====== DATA PROVIDED

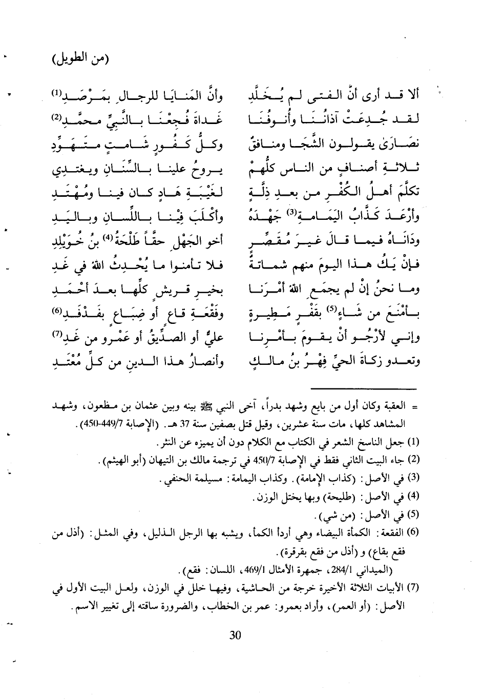 [7] الأبيات الثلاثة الأخيرة خرجة من الحاشية، وفيها خلل في الوزن، ولعل البيت الأول في الأصل: (أو العمر) ، وأراد بعمرو: عمر بن الخطاب، والضرورة ساقته إلى تغيير الاسم.
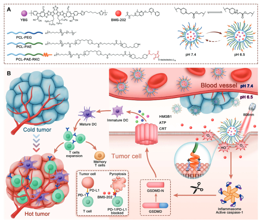 近年来,苏州大学李盛亮课题组通过调控近红外光学药物的分子结构与构效关系,发展了一系列具有癌症光疗能力的药物,并取得了高效的光学治疗效果(Adv. Mater. 2023, 10.1002/adma.202306492;Adv. Mater. 2023, 35, 2211632;Adv. Mater. 2022, 34, 2201263;Adv. Mater. 2022, 34, 2204749;Adv. Mater. 2021, 33, 2102799;ACS Nano 2022, 16, 12480;Angew. Chem. Int. Ed. 2021, 133, 11864;Adv. Mater. 2020, 32, 2001146)。在上述工作基础上,该团队近期与苏大附一院侯建全教授、张卫杰教授团队合作开发了一种集免疫原性焦亡和免疫检查点阻断于一体的PH响应性纳米光敏剂(YBS-BMS NPs-RKC)。以细胞膜锚定肽RKC修饰的pH响应聚合物为载体,包封近红外激活半导体聚合物光敏剂YBS和PD-1/PD-L1复合物小分子抑制剂BMS-202,证明了pH驱动的YBS-BMS NPs-RKC的膜锚定和焦亡活化。体外和体内研究表明,这一联合疗法可刺激强大的抗肿瘤免疫反应,抑制原发性肿瘤进展,并唤起长期免疫记忆以抑制肿瘤复发和转移。该研究为PCa免疫治疗提供了一个高效的协同作用平台,并为开发更具生物相容性的光控焦亡诱导剂提供了新思路。
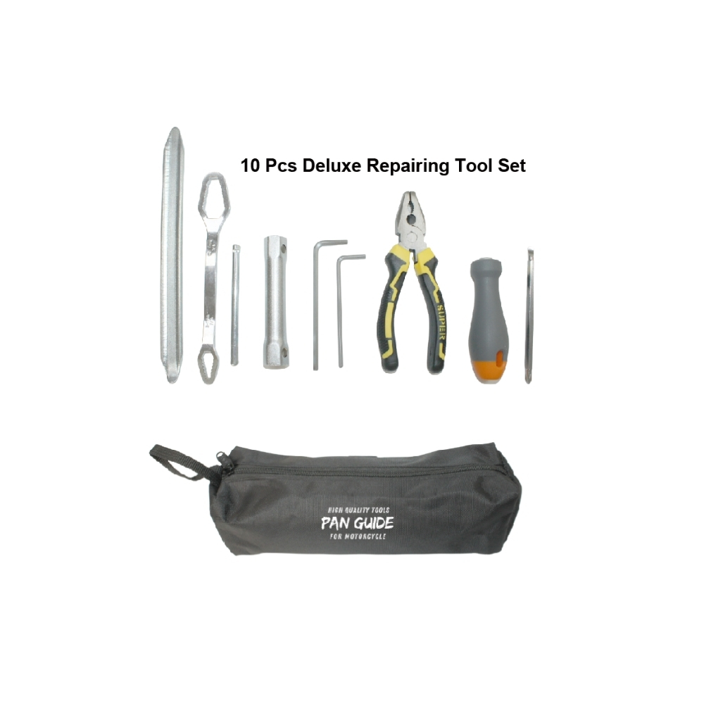 The MT005 - 2010 - 02 10 - piece deluxe repairing tool set combines various practical tools such as tire irons, multifunctional wrenches, and spark plug wrenches. Matched with a portable tool bag, it provides comprehensive tool support for scenarios such as home repair and motorcycle maintenance, helping to complete repair work easily and efficiently.

============

■ **EXERCISE OBJECTIVE**: With the pictures removed, write the listing out word for word.

■ **ANSWER TO THIS TASK**:
 [7] الأبيات الثلاثة الأخيرة خرجة من الحاشية، وفيها خلل في الوزن، ولعل البيت الأول في الأصل: (أو العمر) ، وأراد بعمرو: عمر بن الخطاب، والضرورة ساقته إلى تغيير الاسم.
 近年来,苏州大学李盛亮课题组通过调控近红外光学药物的分子结构与构效关系,发展了一系列具有癌症光疗能力的药物,并取得了高效的光学治疗效果(Adv. Mater. 2023, 10.1002/adma.202306492;Adv. Mater. 2023, 35, 2211632;Adv. Mater. 2022, 34, 2201263;Adv. Mater. 2022, 34, 2204749;Adv. Mater. 2021, 33, 2102799;ACS Nano 2022, 16, 12480;Angew. Chem. Int. Ed. 2021, 133, 11864;Adv. Mater. 2020, 32, 2001146)。在上述工作基础上,该团队近期与苏大附一院侯建全教授、张卫杰教授团队合作开发了一种集免疫原性焦亡和免疫检查点阻断于一体的PH响应性纳米光敏剂(YBS-BMS NPs-RKC)。以细胞膜锚定肽RKC修饰的pH响应聚合物为载体,包封近红外激活半导体聚合物光敏剂YBS和PD-1/PD-L1复合物小分子抑制剂BMS-202,证明了pH驱动的YBS-BMS NPs-RKC的膜锚定和焦亡活化。体外和体内研究表明,这一联合疗法可刺激强大的抗肿瘤免疫反应,抑制原发性肿瘤进展,并唤起长期免疫记忆以抑制肿瘤复发和转移。该研究为PCa免疫治疗提供了一个高效的协同作用平台,并为开发更具生物相容性的光控焦亡诱导剂提供了新思路。
 The MT005 - 2010 - 02 10 - piece deluxe repairing tool set combines various practical tools such as tire irons, multifunctional wrenches, and spark plug wrenches. Matched with a portable tool bag, it provides comprehensive tool support for scenarios such as home repair and motorcycle maintenance, helping to complete repair work easily and efficiently.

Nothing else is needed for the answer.